> _PROBLEM DETAILS_
The whole listing is to be given again without alteration, except that its pictures are dropped.

> _INFORMATION GIVEN_
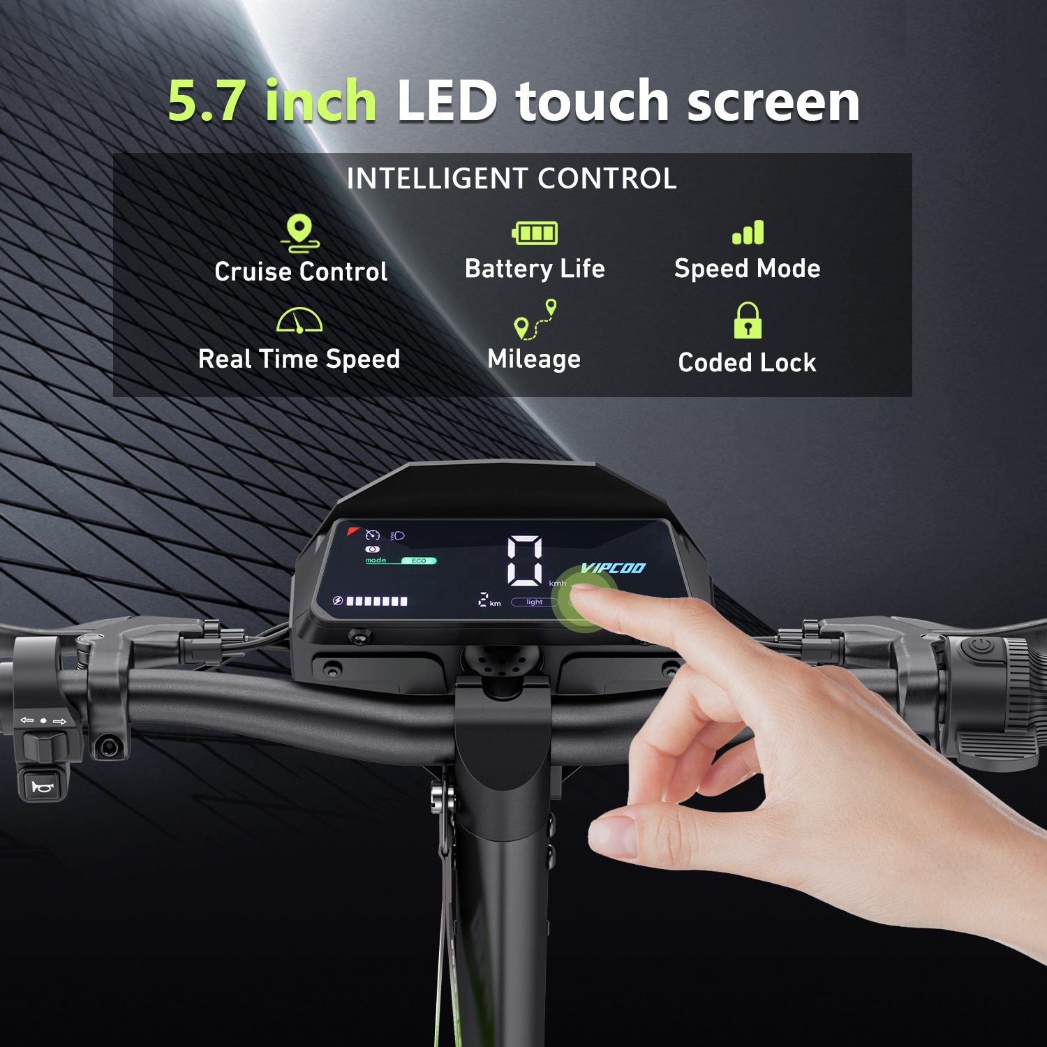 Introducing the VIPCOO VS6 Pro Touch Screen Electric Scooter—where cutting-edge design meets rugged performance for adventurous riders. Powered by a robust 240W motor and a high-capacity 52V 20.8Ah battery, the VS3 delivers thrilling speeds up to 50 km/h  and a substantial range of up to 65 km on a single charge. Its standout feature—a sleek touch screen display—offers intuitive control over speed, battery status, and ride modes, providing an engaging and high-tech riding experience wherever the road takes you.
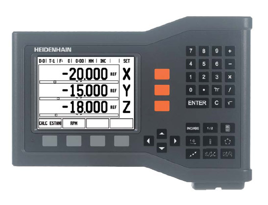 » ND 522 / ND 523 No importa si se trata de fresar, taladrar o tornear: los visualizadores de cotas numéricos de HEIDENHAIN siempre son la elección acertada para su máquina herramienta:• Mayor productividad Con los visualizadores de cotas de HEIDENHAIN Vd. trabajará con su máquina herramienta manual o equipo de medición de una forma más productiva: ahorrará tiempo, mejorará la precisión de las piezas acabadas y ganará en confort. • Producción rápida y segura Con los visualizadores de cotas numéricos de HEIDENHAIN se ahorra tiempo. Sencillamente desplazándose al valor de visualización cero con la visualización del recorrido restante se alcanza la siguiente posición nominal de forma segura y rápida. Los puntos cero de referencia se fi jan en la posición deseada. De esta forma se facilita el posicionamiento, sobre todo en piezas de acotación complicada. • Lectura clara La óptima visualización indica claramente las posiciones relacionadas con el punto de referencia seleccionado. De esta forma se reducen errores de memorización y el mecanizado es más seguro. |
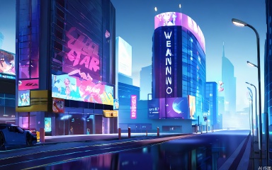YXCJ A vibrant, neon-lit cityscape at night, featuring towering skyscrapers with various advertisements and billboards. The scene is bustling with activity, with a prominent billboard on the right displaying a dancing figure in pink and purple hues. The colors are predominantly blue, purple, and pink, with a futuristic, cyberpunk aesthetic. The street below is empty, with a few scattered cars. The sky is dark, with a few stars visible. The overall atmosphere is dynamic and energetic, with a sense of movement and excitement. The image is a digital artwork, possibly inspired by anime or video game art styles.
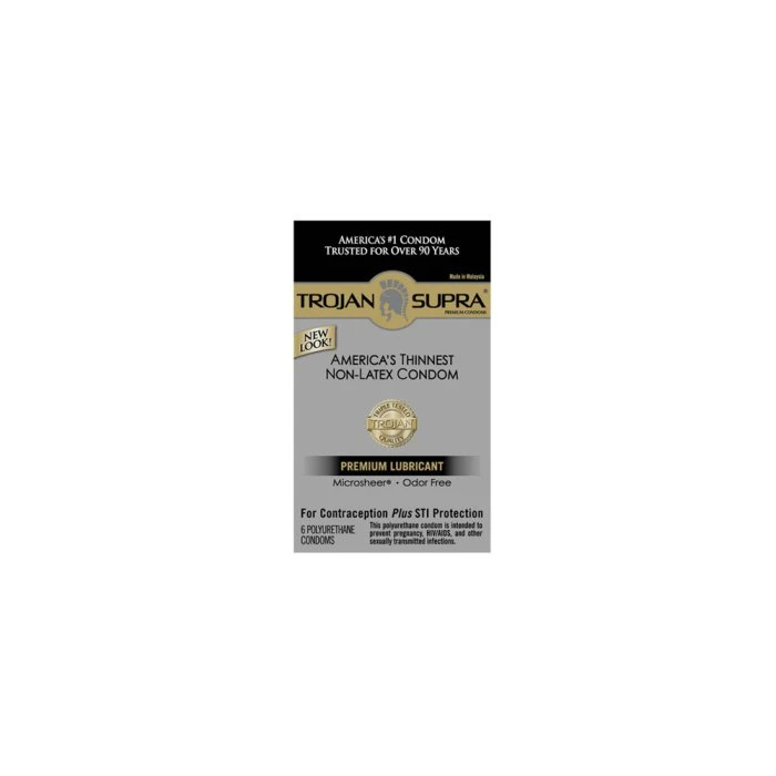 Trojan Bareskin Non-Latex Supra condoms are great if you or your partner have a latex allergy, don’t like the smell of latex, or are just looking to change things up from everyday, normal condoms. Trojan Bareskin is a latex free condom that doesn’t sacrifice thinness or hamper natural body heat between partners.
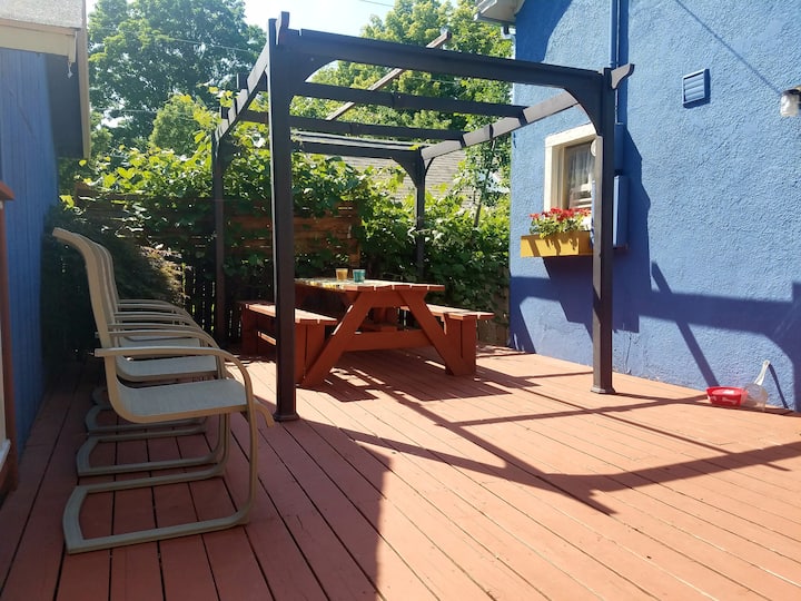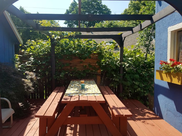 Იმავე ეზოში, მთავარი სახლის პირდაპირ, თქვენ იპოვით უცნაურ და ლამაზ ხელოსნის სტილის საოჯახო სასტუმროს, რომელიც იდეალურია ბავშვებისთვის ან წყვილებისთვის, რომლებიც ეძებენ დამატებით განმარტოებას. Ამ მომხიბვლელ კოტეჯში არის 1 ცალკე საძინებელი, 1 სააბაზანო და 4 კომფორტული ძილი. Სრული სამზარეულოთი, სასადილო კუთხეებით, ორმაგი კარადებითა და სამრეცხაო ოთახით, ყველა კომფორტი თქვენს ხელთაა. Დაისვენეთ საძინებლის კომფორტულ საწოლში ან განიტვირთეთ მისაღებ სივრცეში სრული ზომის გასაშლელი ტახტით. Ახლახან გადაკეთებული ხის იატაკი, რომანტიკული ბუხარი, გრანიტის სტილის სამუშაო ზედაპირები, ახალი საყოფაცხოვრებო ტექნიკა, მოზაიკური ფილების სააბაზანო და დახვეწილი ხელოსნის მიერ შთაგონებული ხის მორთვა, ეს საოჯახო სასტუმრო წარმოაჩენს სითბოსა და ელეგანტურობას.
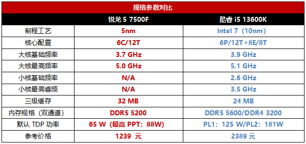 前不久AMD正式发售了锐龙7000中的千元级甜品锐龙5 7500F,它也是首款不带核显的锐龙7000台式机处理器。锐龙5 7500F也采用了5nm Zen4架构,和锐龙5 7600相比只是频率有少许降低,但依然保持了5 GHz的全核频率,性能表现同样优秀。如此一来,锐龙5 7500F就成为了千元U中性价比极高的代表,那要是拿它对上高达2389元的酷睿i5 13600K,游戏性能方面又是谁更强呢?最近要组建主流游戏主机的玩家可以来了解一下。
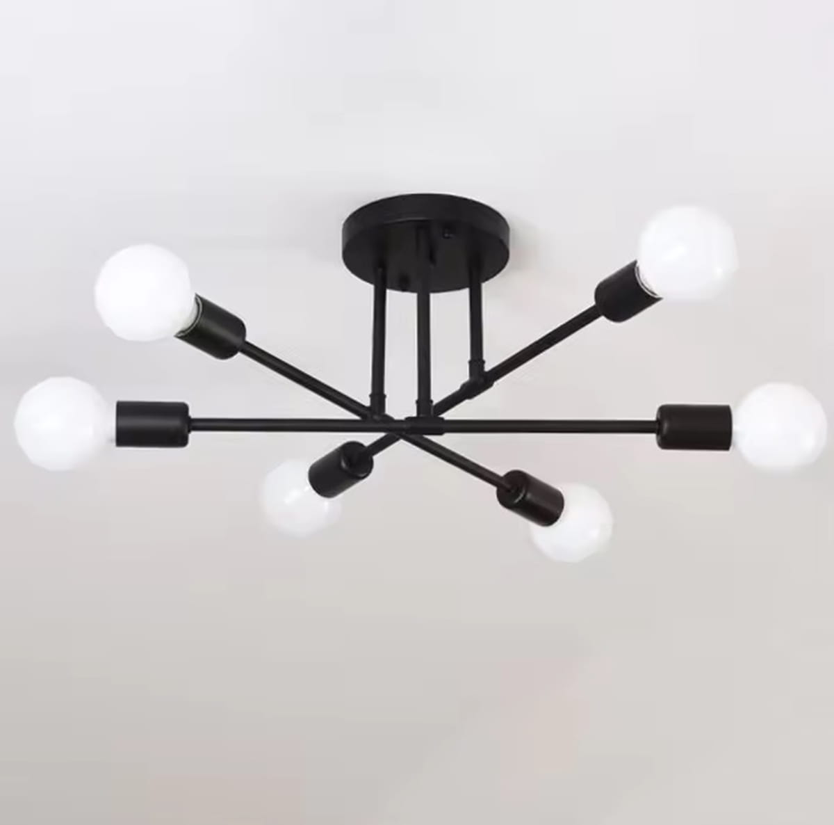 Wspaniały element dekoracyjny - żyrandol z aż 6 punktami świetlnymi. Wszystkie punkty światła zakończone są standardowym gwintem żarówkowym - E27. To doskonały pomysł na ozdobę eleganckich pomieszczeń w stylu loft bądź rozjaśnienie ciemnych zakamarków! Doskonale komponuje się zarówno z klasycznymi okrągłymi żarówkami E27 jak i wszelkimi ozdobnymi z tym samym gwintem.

> _RESPONSE TO THE EXERCISE_
 Introducing the VIPCOO VS6 Pro Touch Screen Electric Scooter—where cutting-edge design meets rugged performance for adventurous riders. Powered by a robust 240W motor and a high-capacity 52V 20.8Ah battery, the VS3 delivers thrilling speeds up to 50 km/h  and a substantial range of up to 65 km on a single charge. Its standout feature—a sleek touch screen display—offers intuitive control over speed, battery status, and ride modes, providing an engaging and high-tech riding experience wherever the road takes you.
 » ND 522 / ND 523 No importa si se trata de fresar, taladrar o tornear: los visualizadores de cotas numéricos de HEIDENHAIN siempre son la elección acertada para su máquina herramienta:• Mayor productividad Con los visualizadores de cotas de HEIDENHAIN Vd. trabajará con su máquina herramienta manual o equipo de medición de una forma más productiva: ahorrará tiempo, mejorará la precisión de las piezas acabadas y ganará en confort. • Producción rápida y segura Con los visualizadores de cotas numéricos de HEIDENHAIN se ahorra tiempo. Sencillamente desplazándose al valor de visualización cero con la visualización del recorrido restante se alcanza la siguiente posición nominal de forma segura y rápida. Los puntos cero de referencia se fi jan en la posición deseada. De esta forma se facilita el posicionamiento, sobre todo en piezas de acotación complicada. • Lectura clara La óptima visualización indica claramente las posiciones relacionadas con el punto de referencia seleccionado. De esta forma se reducen errores de memorización y el mecanizado es más seguro. |
YXCJ A vibrant, neon-lit cityscape at night, featuring towering skyscrapers with various advertisements and billboards. The scene is bustling with activity, with a prominent billboard on the right displaying a dancing figure in pink and purple hues. The colors are predominantly blue, purple, and pink, with a futuristic, cyberpunk aesthetic. The street below is empty, with a few scattered cars. The sky is dark, with a few stars visible. The overall atmosphere is dynamic and energetic, with a sense of movement and excitement. The image is a digital artwork, possibly inspired by anime or video game art styles.
 Trojan Bareskin Non-Latex Supra condoms are great if you or your partner have a latex allergy, don’t like the smell of latex, or are just looking to change things up from everyday, normal condoms. Trojan Bareskin is a latex free condom that doesn’t sacrifice thinness or hamper natural body heat between partners.
 Იმავე ეზოში, მთავარი სახლის პირდაპირ, თქვენ იპოვით უცნაურ და ლამაზ ხელოსნის სტილის საოჯახო სასტუმროს, რომელიც იდეალურია ბავშვებისთვის ან წყვილებისთვის, რომლებიც ეძებენ დამატებით განმარტოებას. Ამ მომხიბვლელ კოტეჯში არის 1 ცალკე საძინებელი, 1 სააბაზანო და 4 კომფორტული ძილი. Სრული სამზარეულოთი, სასადილო კუთხეებით, ორმაგი კარადებითა და სამრეცხაო ოთახით, ყველა კომფორტი თქვენს ხელთაა. Დაისვენეთ საძინებლის კომფორტულ საწოლში ან განიტვირთეთ მისაღებ სივრცეში სრული ზომის გასაშლელი ტახტით. Ახლახან გადაკეთებული ხის იატაკი, რომანტიკული ბუხარი, გრანიტის სტილის სამუშაო ზედაპირები, ახალი საყოფაცხოვრებო ტექნიკა, მოზაიკური ფილების სააბაზანო და დახვეწილი ხელოსნის მიერ შთაგონებული ხის მორთვა, ეს საოჯახო სასტუმრო წარმოაჩენს სითბოსა და ელეგანტურობას.
 前不久AMD正式发售了锐龙7000中的千元级甜品锐龙5 7500F,它也是首款不带核显的锐龙7000台式机处理器。锐龙5 7500F也采用了5nm Zen4架构,和锐龙5 7600相比只是频率有少许降低,但依然保持了5 GHz的全核频率,性能表现同样优秀。如此一来,锐龙5 7500F就成为了千元U中性价比极高的代表,那要是拿它对上高达2389元的酷睿i5 13600K,游戏性能方面又是谁更强呢?最近要组建主流游戏主机的玩家可以来了解一下。
 Wspaniały element dekoracyjny - żyrandol z aż 6 punktami świetlnymi. Wszystkie punkty światła zakończone są standardowym gwintem żarówkowym - E27. To doskonały pomysł na ozdobę eleganckich pomieszczeń w stylu loft bądź rozjaśnienie ciemnych zakamarków! Doskonale komponuje się zarówno z klasycznymi okrągłymi żarówkami E27 jak i wszelkimi ozdobnymi z tym samym gwintem.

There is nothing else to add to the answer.